I have tried, with no luck:
gen occurrence = 0
local i = cell_count-1
foreach j in `i' {
replace occurrence = 1 if person1_person2 == person2_person1[_n-`j']
}
Upvotes: 1
Views: 72
Reputation: 11112
Admittedly, not as straightforward as @Nick Cox's solution, but the general idea is fairly simple: record the time of first occurrences of every value for p2_p1
and then compare with time of current values of p1_p2
.
Note there is no explicit loop here which is something I was exploring. It does not necessarily mean it is more efficient.
clear all
set more off
clear
input time str3 p1_p2 str3 p2_p1
1 A_B B_A
2 A_C C_A
3 B_A A_B
4 E_A A_E
5 C_A A_C
6 E_A A_E
7 A_B B_A
8 P_M M_P
9 A_B B_A
end
list
tempfile main
save "`main'"
* Create auxiliary data of first occurrences
bysort p2_p1 (time): gen firstflag = (_n == 1) // flag if first occurrence
drop if firstflag == 0 // drop if not first occurrence
drop firstflag p1_p2 // drop unnecessary variables
rename time firsttime // rename accordingly
rename p2_p1 p1_p2 // needed for -merge-
tempfile aux
save "`aux'"
* Merge main data with auxiliary
use "`main'", clear
merge m:1 p1_p2 using "`aux'", keep(master match)

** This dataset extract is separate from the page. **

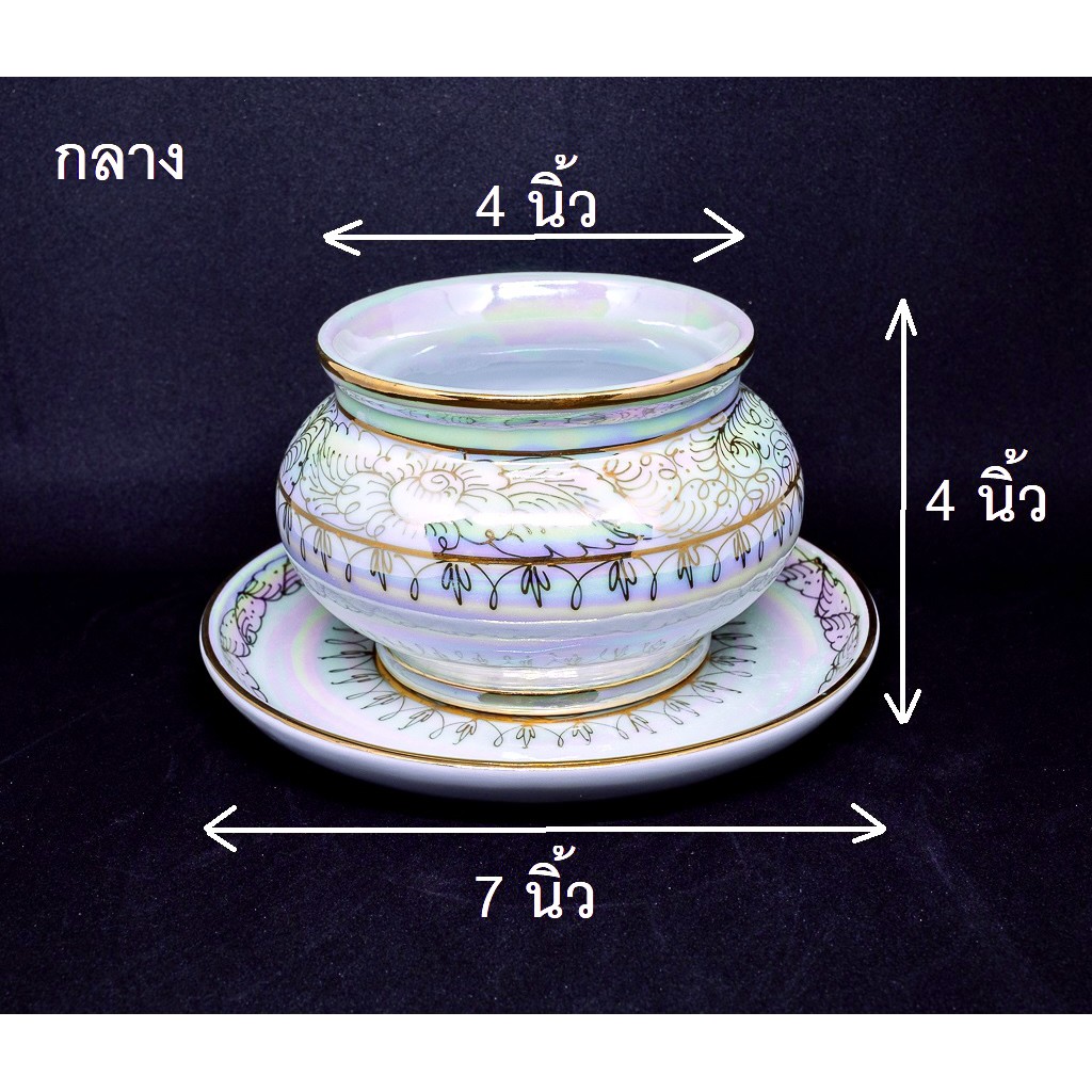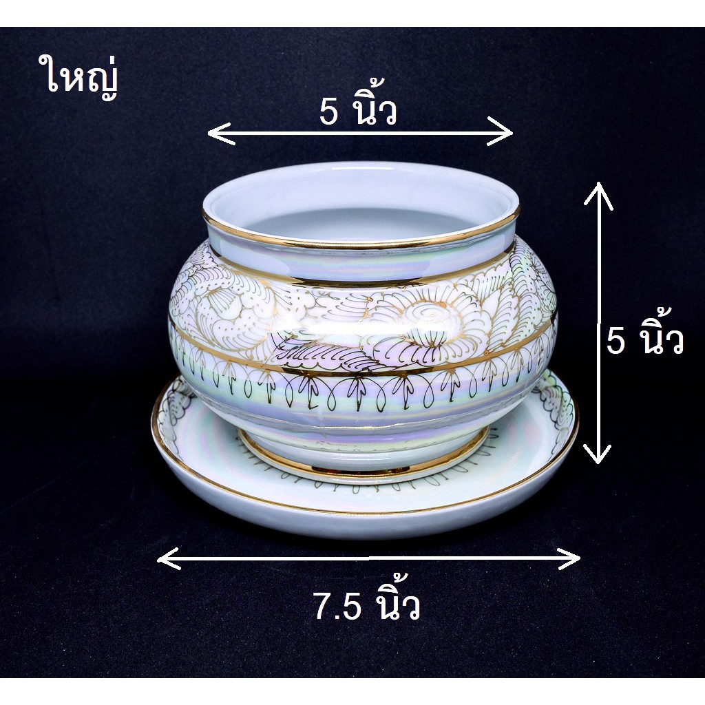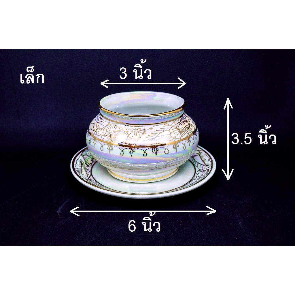 กระถางธูปลายไทย เคลือบมุกลายทอง พร้อมจานรอง

* Compute variable of interest
gen ocurr = (firsttime < time)
* List
drop firsttime _merge
sort time
list
Upvotes: 0
Reputation: 37318
As you guessed, one way to do this is with a loop.
clear
input time str3 person1_person2 str3 person2_person1
1 A_B B_A
2 A_C C_A
3 B_A A_B
4 E_A A_E
5 C_A A_C
6 E_A A_E
7 A_B B_A
end
gen occurrence = 0
qui forval i = 2/`=_N' {
local I = `i' - 1
count if person2_person1 == person1_person2[`i'] in 1/`I'
if r(N) replace occurrence = 1 in `i'
}
if r(N)
is equivalent to if r(N) > 0
as r(N)
being true (non-zero) and being positive are one and the same, as a count can never be negative. r(N)
is the result left in memory by count
. See e.g. http://www.stata-journal.com/sjpdf.html?articlenum=pr0029 and http://www.stata-journal.com/sjpdf.html?articlenum=pr0033 for tutorials on count
.
Your code includes the lines
local i = cell_count-1
foreach j in `i' {
The first will be evaluated as
local i = cell_count[1] - 1
which comes out as 0, so your loop is just
foreach j in 0 {
and so is the single line
replace occurrence = 1 if person1_person2 == person2_person1[_n]
or
replace occurrence = 1 if person1_person2 == person2_person1
which tests for simultaneous equality. It's not luck you need, but logic!
Upvotes: 3